Immunotherapy for kidney cancer reduces risk of death by 38%

by time news

2024-01-30 02:32:00

Kidney cancer, immunotherapy after surgery increases survival

Il Keynote-564 it is the first phase 3 study that has demonstrated increased overall survival with the use of adjuvant therapy compared to placebo in patients suffering from carcinoma to renal cells (Rcc) .

Roberto Iacovelliassociate professor of medical oncology, Catholic University of the Sacred Heart, Comprehensive Cancer Center, Fondazione Policlinico Universitario Agostino Gemelli Irccs of Rome: “The Keynote-564 represents a milestone in oncology. It is the first study to have demonstrated how immunotherapy with pembrolizumab can not only cure but also help cure kidney cancer”

The latest overall survival results have been selected for the official press program of the 2024 American Society of Clinical Oncology Genitourinary Cancers Symposium.

Immunotherapy in the adjuvant phase, i.e. administered after surgery, reduced the risk of death by 38% significantly improving survival. The results demonstrate this Phase 3 study in which pembrolizumab, MSD’s anti-PD-1 therapy, was used as adjuvant therapy in patients with renal cell carcinoma (RCC) at intermediate-high or high risk of recurrence following nephrectomy, or after nephrectomy and resection of lesions metastatic.

This late-breaking data was first presented in an oral session during theAmerican Society of Clinical Oncology (Asco) Genitourinary (GU) Cancers Symposium 2024 (abstract #LBA359), which took place recently, and included in the official media program of Asco Gu.

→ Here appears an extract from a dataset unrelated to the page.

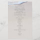 Beach wedding program with beach sand image background. Double sided, affordable flyer paper with text templates on both sides. Script for the names of the bride and groom, and the rest is thin, printed font style. Easily customise section by section. Carefully proofread your text as no one will check it before printing.

At the third predefined interim analysis (median follow-up of 57.2 months [intervallo, 47,9−74,5 mesi]), pembrolizumab as adjuvant therapy significantly improved overall survival (OS) by 38% compared to placebo.

At 48 months, the estimated rate of Os was 91.2% in patients treated with pembrolizumab compared to 86% in patients treated with placebo. OS benefit in patients treated with pembrolizumab was observed in major subgroups. Overall survival was the primary secondary endpoint of the study.

“In Italy, in 2023, approximately 12,700 new diagnoses of kidney cancer were estimated, 85% of which with localized disease. Among these, about half can be considered a intermediate-high risk of developing metastases within a few years of diagnosis, leading to a marked worsening of life expectancy despite the recent progress made in the treatment of advanced forms – he states Roberto Iacovelli-. These patients are the same ones who were enrolled in the Keynote-564 study, the first and only clinical study in the history of renal cell carcinoma treatment to have demonstrated how immunotherapy after nephrectomy reduces the risk of developing metastases thus prolonging survival. All this translates concretely into the possibility of curing patients, ensuring them a life free from cancer. The Keynote-564 study therefore represents a milestone in oncology, being the first study to have demonstrated how immunotherapy with pembrolizumab can not only cure but also help heal kidney cancer”.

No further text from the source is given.